Study material

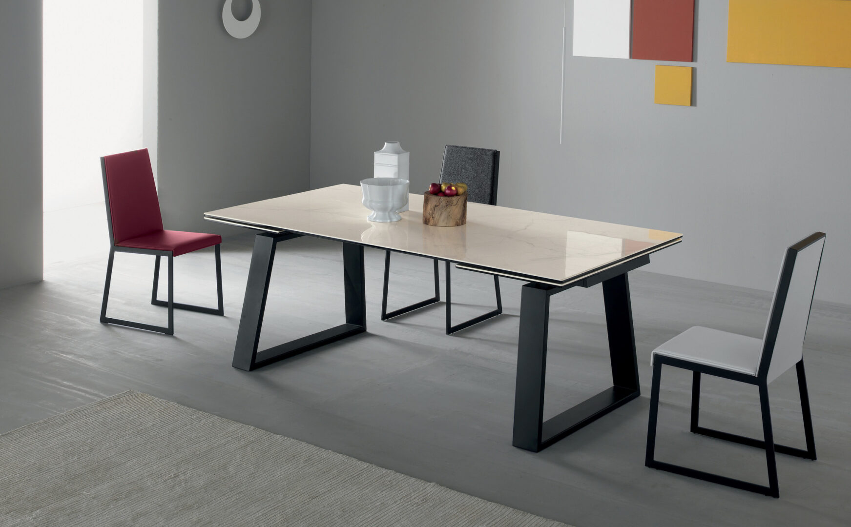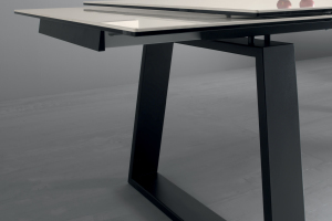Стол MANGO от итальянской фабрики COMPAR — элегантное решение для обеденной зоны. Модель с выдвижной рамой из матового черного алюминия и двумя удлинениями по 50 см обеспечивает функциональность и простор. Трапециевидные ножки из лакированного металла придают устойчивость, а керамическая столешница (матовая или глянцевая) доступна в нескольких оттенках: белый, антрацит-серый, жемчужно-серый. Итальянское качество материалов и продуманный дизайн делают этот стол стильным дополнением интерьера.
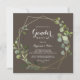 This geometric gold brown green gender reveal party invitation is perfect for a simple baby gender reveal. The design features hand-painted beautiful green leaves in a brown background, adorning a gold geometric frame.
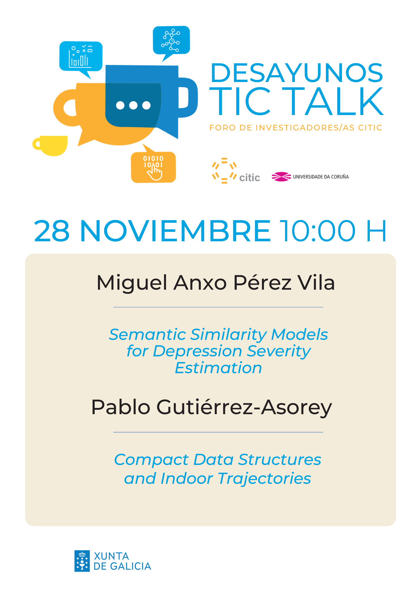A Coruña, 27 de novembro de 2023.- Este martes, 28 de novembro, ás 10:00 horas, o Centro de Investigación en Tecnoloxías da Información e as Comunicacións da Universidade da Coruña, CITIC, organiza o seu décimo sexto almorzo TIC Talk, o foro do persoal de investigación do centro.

---

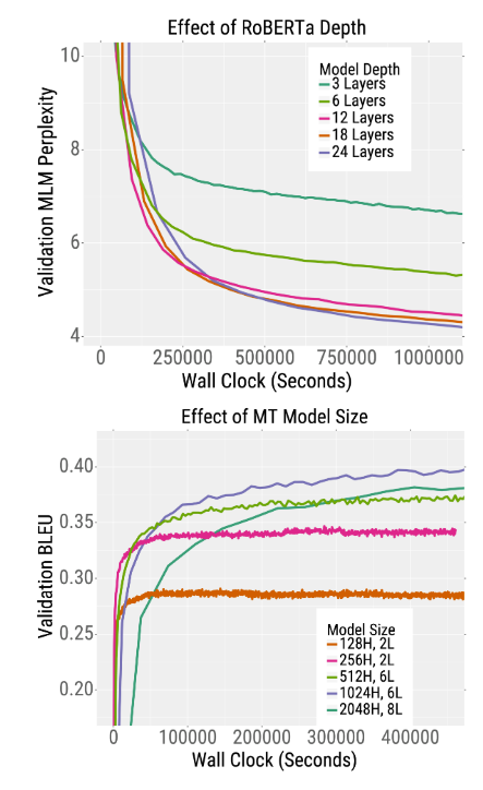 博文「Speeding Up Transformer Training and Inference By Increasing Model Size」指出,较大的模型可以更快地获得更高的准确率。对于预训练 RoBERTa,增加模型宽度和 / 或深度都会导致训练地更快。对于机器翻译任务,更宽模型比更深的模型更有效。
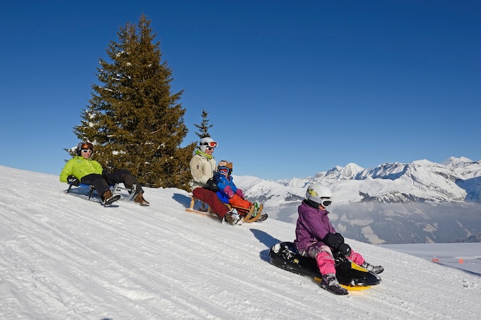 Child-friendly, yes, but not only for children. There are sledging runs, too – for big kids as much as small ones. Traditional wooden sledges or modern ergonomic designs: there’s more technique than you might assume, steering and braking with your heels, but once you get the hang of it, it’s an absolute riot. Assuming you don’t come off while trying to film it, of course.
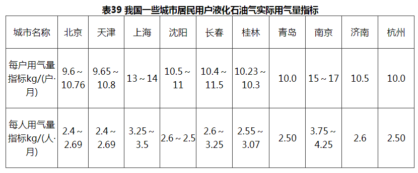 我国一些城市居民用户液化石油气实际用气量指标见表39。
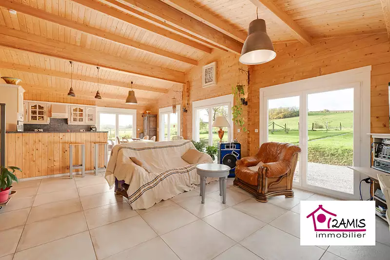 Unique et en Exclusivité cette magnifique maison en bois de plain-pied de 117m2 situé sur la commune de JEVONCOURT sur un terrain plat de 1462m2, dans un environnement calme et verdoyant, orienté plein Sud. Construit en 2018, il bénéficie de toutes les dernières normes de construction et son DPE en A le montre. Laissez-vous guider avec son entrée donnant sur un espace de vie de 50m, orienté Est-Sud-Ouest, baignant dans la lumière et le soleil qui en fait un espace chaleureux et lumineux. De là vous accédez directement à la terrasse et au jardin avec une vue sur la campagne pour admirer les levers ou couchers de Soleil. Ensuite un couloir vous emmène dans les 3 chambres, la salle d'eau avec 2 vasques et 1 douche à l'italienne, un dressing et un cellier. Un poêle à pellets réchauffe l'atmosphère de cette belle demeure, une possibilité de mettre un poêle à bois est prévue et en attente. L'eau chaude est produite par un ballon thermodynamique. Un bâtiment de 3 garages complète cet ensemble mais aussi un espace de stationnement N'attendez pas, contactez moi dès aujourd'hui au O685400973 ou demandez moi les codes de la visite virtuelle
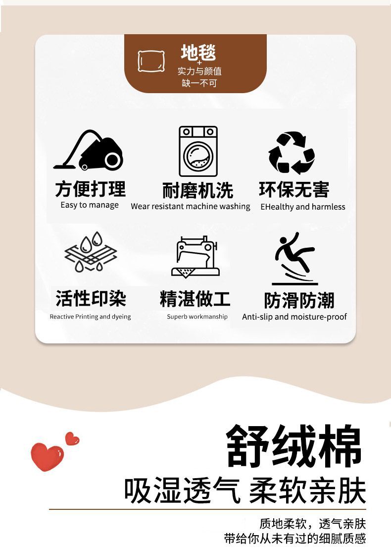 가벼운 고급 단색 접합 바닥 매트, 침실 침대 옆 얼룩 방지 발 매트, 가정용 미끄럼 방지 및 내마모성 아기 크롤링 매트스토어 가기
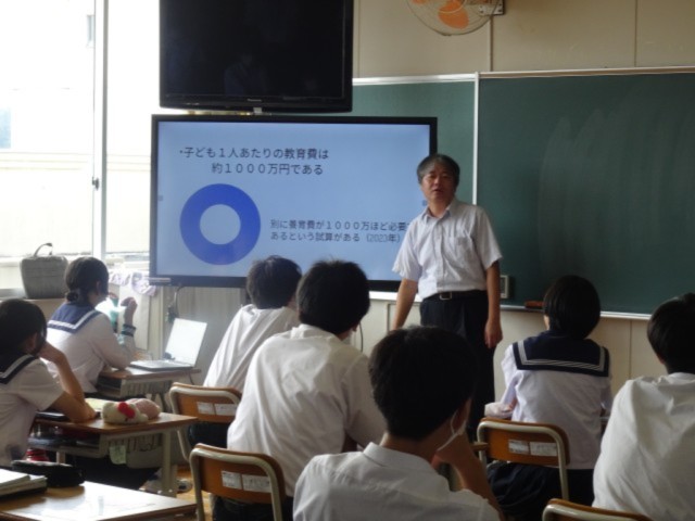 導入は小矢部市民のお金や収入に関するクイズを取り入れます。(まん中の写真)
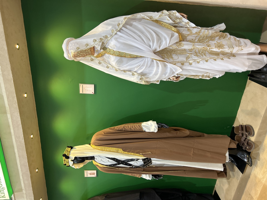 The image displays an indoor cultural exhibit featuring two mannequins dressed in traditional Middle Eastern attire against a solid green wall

---

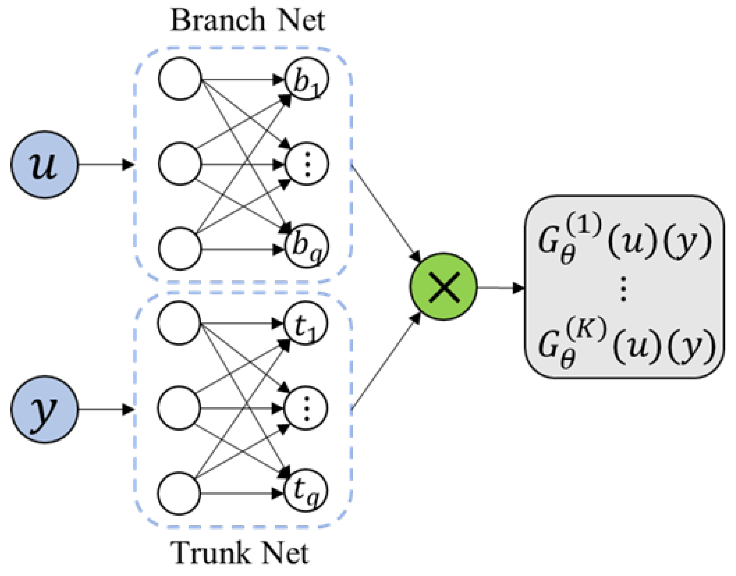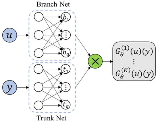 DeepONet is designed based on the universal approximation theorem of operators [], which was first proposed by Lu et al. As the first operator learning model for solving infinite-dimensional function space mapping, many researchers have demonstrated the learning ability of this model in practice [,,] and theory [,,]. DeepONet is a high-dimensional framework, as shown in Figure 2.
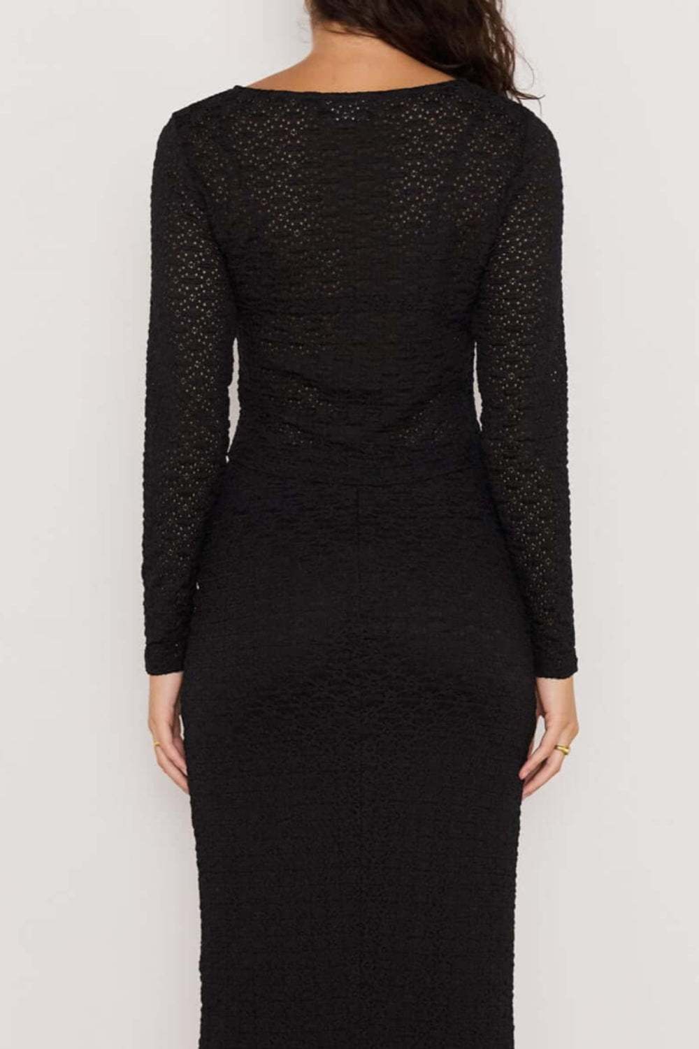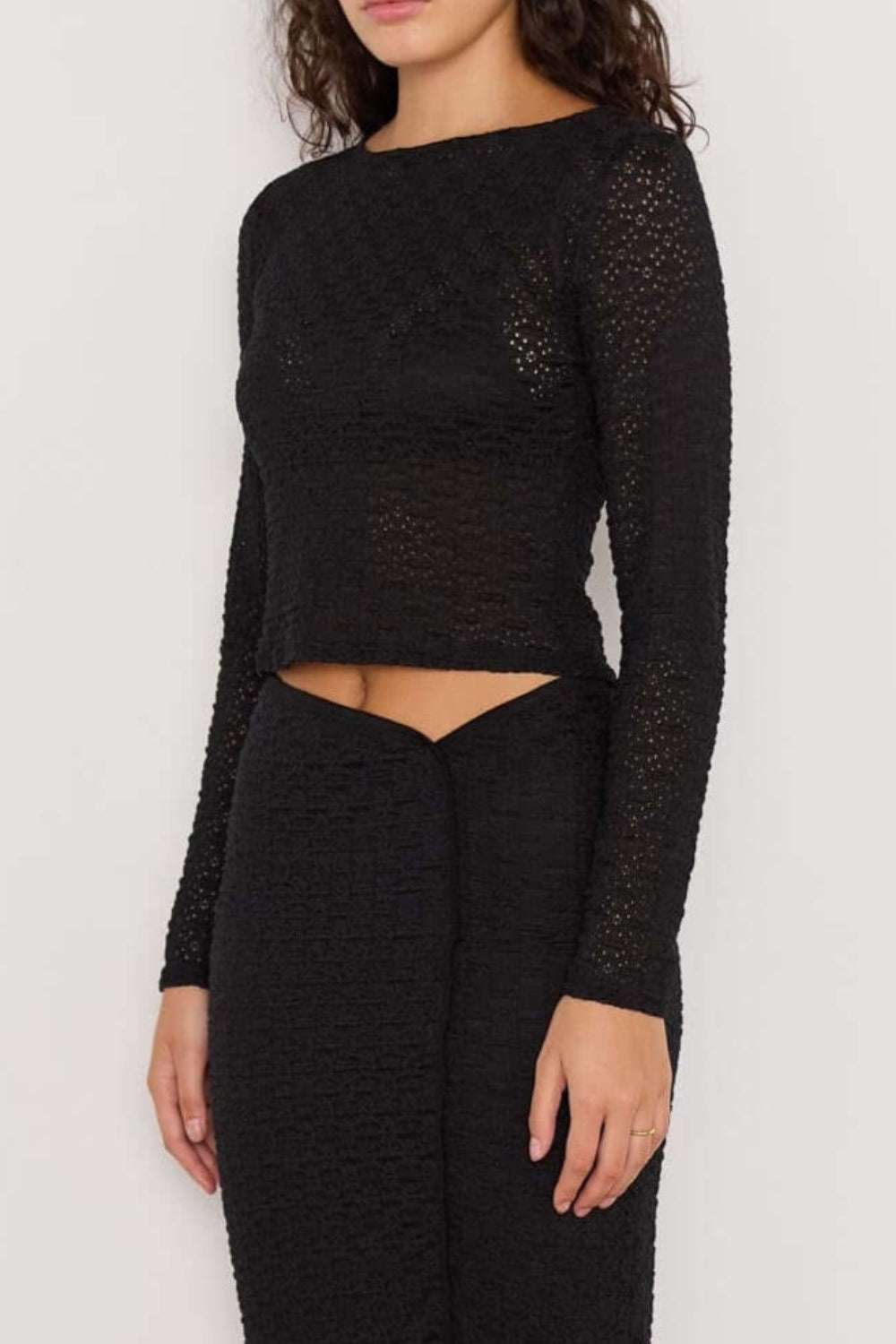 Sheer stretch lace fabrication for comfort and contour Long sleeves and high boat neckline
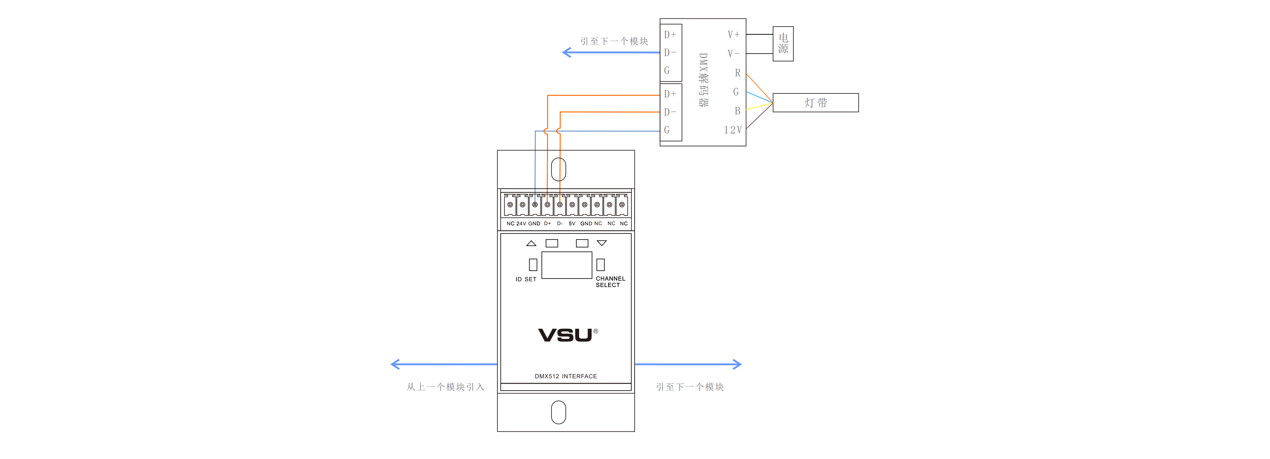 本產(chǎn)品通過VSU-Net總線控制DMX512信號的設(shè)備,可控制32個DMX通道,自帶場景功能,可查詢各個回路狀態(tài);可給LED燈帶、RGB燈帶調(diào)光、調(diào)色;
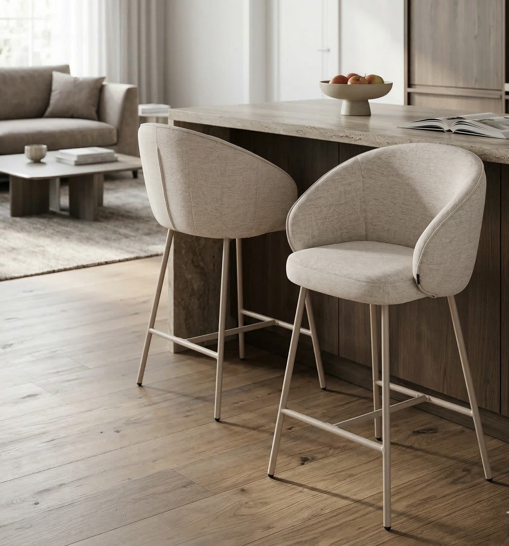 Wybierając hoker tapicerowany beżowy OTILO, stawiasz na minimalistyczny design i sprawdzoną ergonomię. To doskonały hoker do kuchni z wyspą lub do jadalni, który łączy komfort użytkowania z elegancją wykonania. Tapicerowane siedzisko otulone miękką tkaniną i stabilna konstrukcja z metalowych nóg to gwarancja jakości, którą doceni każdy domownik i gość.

Try it
Please set down, exactly and with no pictures, the lines in the entries above starting at the one holding "Sheer stretch lace" and ending at the one holding "Wybierając hoker tapicerowany", ends included.

Result
 Sheer stretch lace fabrication for comfort and contour Long sleeves and high boat neckline
 本產(chǎn)品通過VSU-Net總線控制DMX512信號的設(shè)備,可控制32個DMX通道,自帶場景功能,可查詢各個回路狀態(tài);可給LED燈帶、RGB燈帶調(diào)光、調(diào)色;
 Wybierając hoker tapicerowany beżowy OTILO, stawiasz na minimalistyczny design i sprawdzoną ergonomię. To doskonały hoker do kuchni z wyspą lub do jadalni, który łączy komfort użytkowania z elegancją wykonania. Tapicerowane siedzisko otulone miękką tkaniną i stabilna konstrukcja z metalowych nóg to gwarancja jakości, którą doceni każdy domownik i gość.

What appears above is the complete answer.